Use a repository pattern at `packages/nextjs/services/database/repositories/`. Each entity gets its own file with typed CRUD functions:

```typescript
// packages/nextjs/services/database/repositories/users.ts
import { users } from "../config/schema";
import type { InferInsertModel } from "drizzle-orm";
import { eq } from "drizzle-orm";
import { db } from "~~/services/database/config/postgresClient";

export type User = InferInsertModel<typeof users>;

export async function getAllUsers() {
  return await db.query.users.findMany();
}

export async function getUserById(id: string) {
  return await db.query.users.findFirst({
    where: eq(users.id, id),
  });
}

export async function createUser(user: User) {
  return await db.insert(users).values(user);
}
```

## Using the Database in Next.js

Server components can import repository functions directly — no API route needed:

```typescript
// packages/nextjs/app/users/page.tsx — Server Component
import { getAllUsers, createUser } from "~~/services/database/repositories/users";

const users = await getAllUsers(); // Direct DB access in server components
```

For client-side mutations, create an API route that calls the repository:

```typescript
// packages/nextjs/app/api/users/route.ts
import { createUser } from "~~/services/database/repositories/users";

export async function POST(request: NextRequest) {
  const { name } = await request.json();
  const user = await createUser({ name });
  return NextResponse.json(user);
}
```

SE-2 already includes `@tanstack/react-query` — use `useQuery` and `useMutation` for client-side data fetching and mutations against these API routes.

## Database Workflow

```bash
# Development (fast, no migrations)
docker compose up -d                  # Start local Postgres
yarn drizzle-kit push                 # Push schema directly to DB
yarn drizzle-kit studio               # Open Drizzle Studio UI
yarn db:seed                          # Seed with test data
yarn db:wipe                          # Reset all tables

# Production (stable schema)
yarn drizzle-kit generate             # Generate SQL migration files
yarn drizzle-kit migrate              # Apply migrations to DB
```

Use `push` during active development. Switch to `generate` + `migrate` when the schema is stable. Never use `push` in production.

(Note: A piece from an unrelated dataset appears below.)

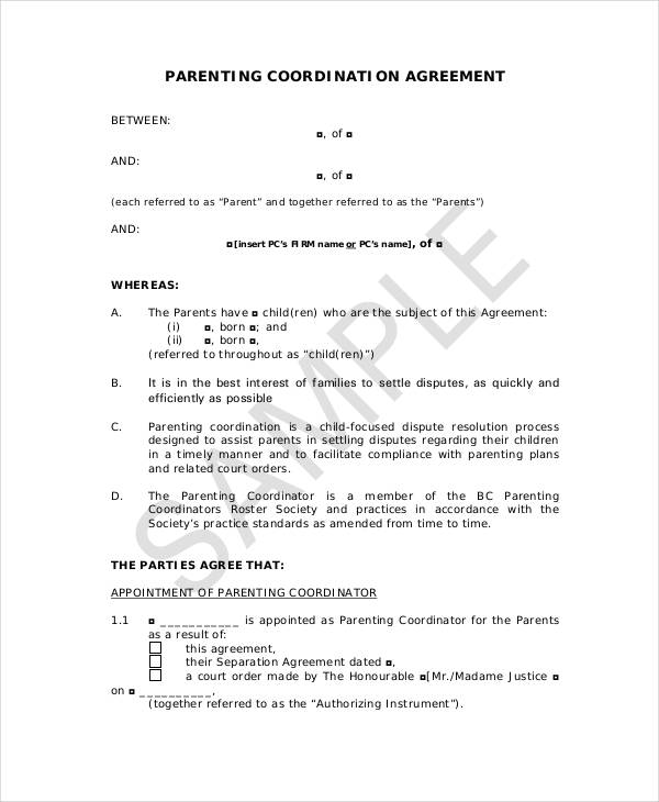 Parenting Agreement Templates 9 Free PDF Documents Download

## Gotchas & Common Pitfalls

**`casing: "snake_case"` must match everywhere.** Set it in both `drizzle.config.ts` and every `drizzle()` client call. Mismatched casing causes queries to reference wrong column names.

**Don't import the `db` client in client components.** The database client only works server-side (Server Components, API routes, Server Actions). For client-side mutations, use API routes or Server Actions.

**Docker must be running for local development.** If `docker compose up` hasn't been run, the database connection will fail. The `.env.development` points to `localhost:5432`.

**Production safety guard.** The seed/wipe scripts should check if the connection URL points to production (via `PRODUCTION_DATABASE_HOSTNAME`). Update `your-production-database-hostname` in `postgresClient.ts` to your actual Neon project hostname to enable this protection.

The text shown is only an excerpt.